Nothing but the lines below between the line holding "An der linken" and the line holding "Velholdt højstol i", inclusive, should appear in the answer, each set down exactly.

The input:
╔══

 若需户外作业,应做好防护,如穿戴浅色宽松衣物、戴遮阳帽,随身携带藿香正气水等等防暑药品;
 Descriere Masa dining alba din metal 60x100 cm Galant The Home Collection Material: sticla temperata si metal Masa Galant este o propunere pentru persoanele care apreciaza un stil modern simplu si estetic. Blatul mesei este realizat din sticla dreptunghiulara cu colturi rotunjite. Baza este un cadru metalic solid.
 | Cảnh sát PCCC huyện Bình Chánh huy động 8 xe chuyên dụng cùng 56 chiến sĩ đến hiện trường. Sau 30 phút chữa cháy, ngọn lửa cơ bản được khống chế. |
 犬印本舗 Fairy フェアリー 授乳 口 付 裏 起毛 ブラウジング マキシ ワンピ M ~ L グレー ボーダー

╚══
╔══

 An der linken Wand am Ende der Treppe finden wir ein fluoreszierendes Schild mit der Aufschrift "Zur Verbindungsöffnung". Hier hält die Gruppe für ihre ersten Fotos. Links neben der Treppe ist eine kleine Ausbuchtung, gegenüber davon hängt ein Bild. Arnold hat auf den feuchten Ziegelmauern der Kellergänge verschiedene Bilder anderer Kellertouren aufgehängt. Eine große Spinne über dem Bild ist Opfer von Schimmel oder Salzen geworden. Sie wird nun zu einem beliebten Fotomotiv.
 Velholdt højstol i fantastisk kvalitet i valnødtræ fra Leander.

╚══
╔══

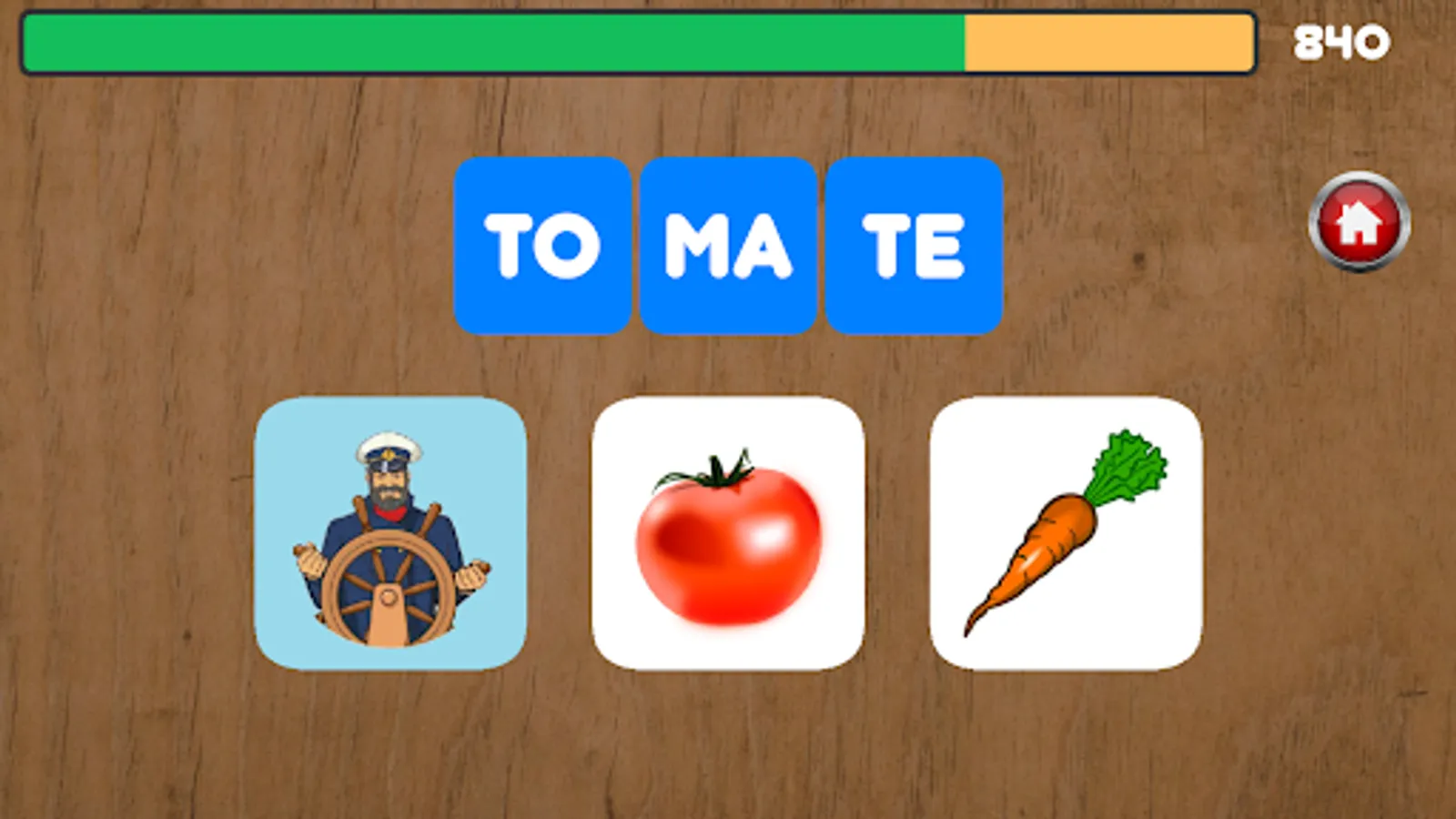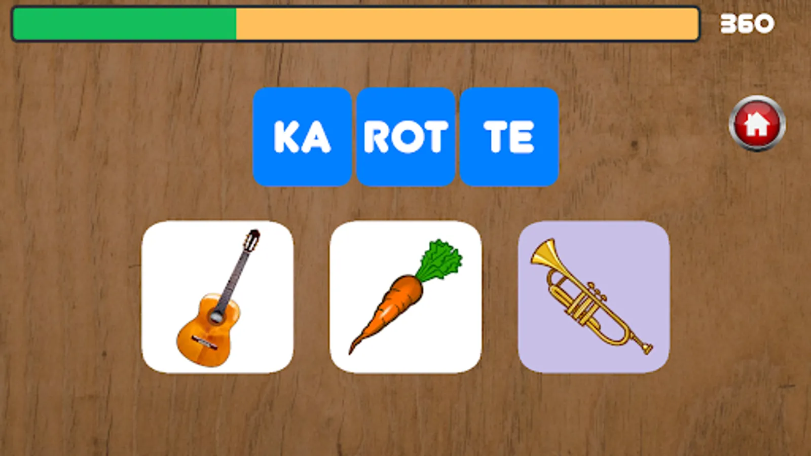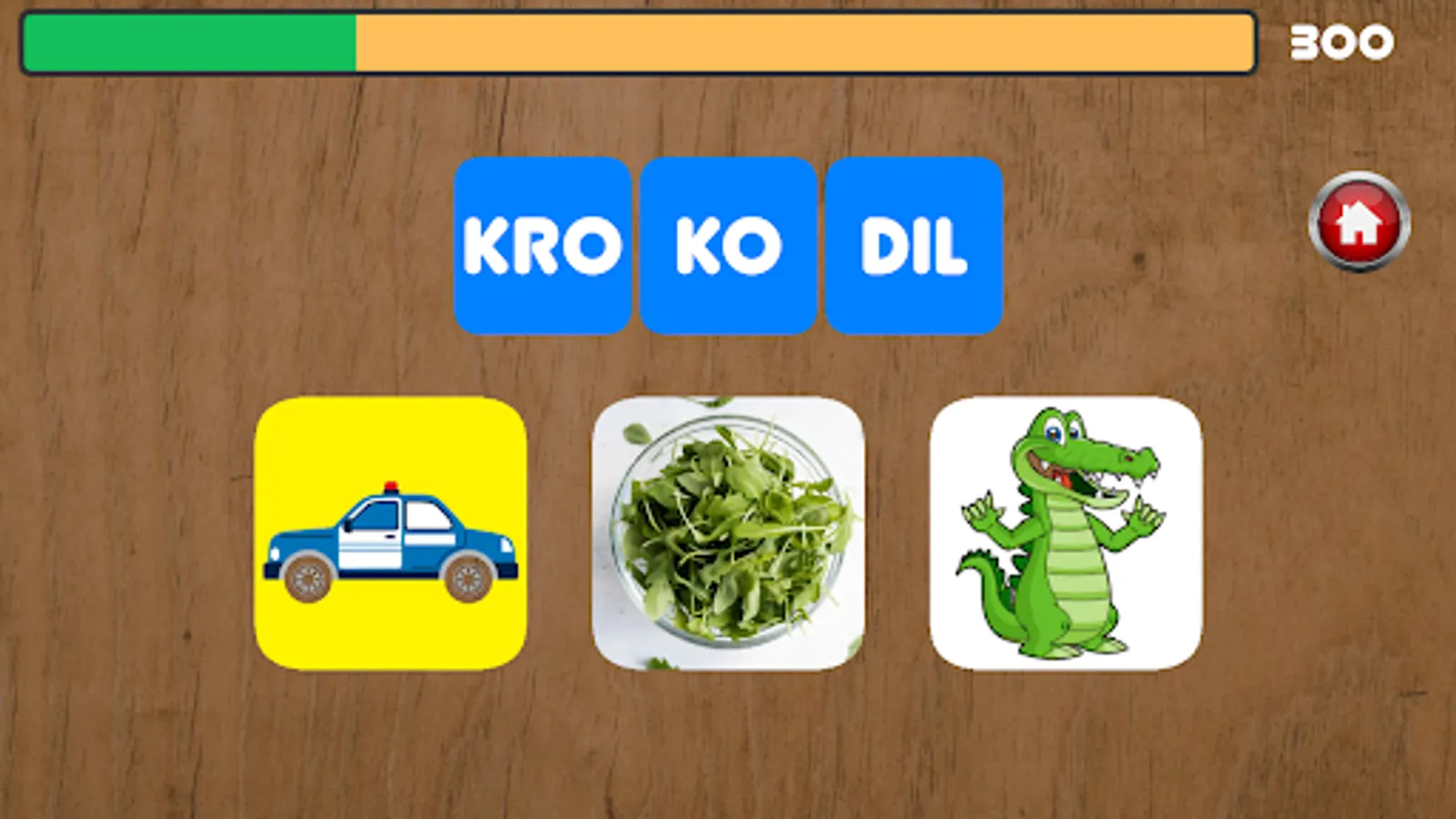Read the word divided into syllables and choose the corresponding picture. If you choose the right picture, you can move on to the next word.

╚══

Exercise answer:
 An der linken Wand am Ende der Treppe finden wir ein fluoreszierendes Schild mit der Aufschrift "Zur Verbindungsöffnung". Hier hält die Gruppe für ihre ersten Fotos. Links neben der Treppe ist eine kleine Ausbuchtung, gegenüber davon hängt ein Bild. Arnold hat auf den feuchten Ziegelmauern der Kellergänge verschiedene Bilder anderer Kellertouren aufgehängt. Eine große Spinne über dem Bild ist Opfer von Schimmel oder Salzen geworden. Sie wird nun zu einem beliebten Fotomotiv.
 Velholdt højstol i fantastisk kvalitet i valnødtræ fra Leander.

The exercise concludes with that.